• Problem details
Your answer should be an exact copy of the lines from the one holding "1933年に撮影された、クラ" to the end of the material below, pictures left out.

::::::::

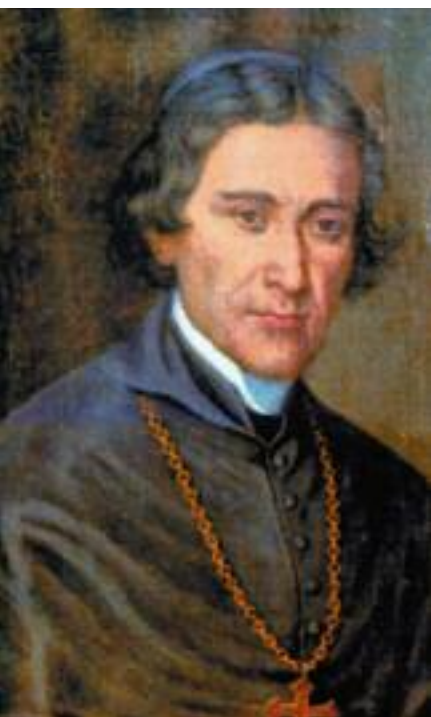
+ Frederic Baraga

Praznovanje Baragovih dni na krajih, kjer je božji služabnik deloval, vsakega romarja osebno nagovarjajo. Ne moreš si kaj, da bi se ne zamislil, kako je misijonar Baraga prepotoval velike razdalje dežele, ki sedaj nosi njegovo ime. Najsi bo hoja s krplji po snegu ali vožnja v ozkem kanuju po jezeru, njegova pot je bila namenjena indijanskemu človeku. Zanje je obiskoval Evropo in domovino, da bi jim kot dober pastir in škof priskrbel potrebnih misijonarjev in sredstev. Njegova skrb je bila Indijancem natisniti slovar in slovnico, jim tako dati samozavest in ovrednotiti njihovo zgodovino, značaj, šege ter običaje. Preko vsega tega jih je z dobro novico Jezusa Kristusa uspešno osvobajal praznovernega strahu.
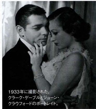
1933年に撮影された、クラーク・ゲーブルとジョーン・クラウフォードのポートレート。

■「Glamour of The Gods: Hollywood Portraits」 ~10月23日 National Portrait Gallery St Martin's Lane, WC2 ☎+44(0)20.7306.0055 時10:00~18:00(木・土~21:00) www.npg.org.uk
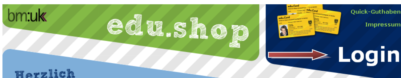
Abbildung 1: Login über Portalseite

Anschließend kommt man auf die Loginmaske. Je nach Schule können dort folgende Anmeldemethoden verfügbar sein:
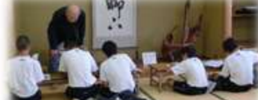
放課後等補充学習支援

::::::::

• Written solution
1933年に撮影された、クラーク・ゲーブルとジョーン・クラウフォードのポートレート。

■「Glamour of The Gods: Hollywood Portraits」 ~10月23日 National Portrait Gallery St Martin's Lane, WC2 ☎+44(0)20.7306.0055 時10:00~18:00(木・土~21:00) www.npg.org.uk
Abbildung 1: Login über Portalseite

Anschließend kommt man auf die Loginmaske. Je nach Schule können dort folgende Anmeldemethoden verfügbar sein:
放課後等補充学習支援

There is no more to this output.